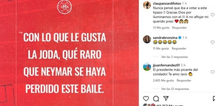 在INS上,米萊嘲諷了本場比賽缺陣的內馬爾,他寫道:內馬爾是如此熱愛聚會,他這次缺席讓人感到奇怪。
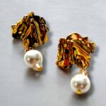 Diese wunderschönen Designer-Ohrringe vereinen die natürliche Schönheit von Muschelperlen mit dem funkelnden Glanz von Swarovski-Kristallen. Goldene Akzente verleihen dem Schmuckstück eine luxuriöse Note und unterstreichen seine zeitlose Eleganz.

*-*-*

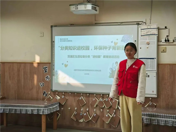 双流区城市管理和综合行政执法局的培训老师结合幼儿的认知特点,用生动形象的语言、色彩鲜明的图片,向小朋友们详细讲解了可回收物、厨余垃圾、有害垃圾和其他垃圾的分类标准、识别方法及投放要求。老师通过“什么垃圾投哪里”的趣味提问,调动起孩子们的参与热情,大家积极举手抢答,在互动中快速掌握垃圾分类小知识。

*-*-*

◆ EXERCISE OBJECTIVE: Pictures in the material above should be skipped; print exactly the lines from the one with "在INS上,米萊嘲諷了本場比" through the one with "Diese wunderschönen Designer-Ohrringe".

◆ EXERCISE ANSWER:
 在INS上,米萊嘲諷了本場比賽缺陣的內馬爾,他寫道:內馬爾是如此熱愛聚會,他這次缺席讓人感到奇怪。
 Diese wunderschönen Designer-Ohrringe vereinen die natürliche Schönheit von Muschelperlen mit dem funkelnden Glanz von Swarovski-Kristallen. Goldene Akzente verleihen dem Schmuckstück eine luxuriöse Note und unterstreichen seine zeitlose Eleganz.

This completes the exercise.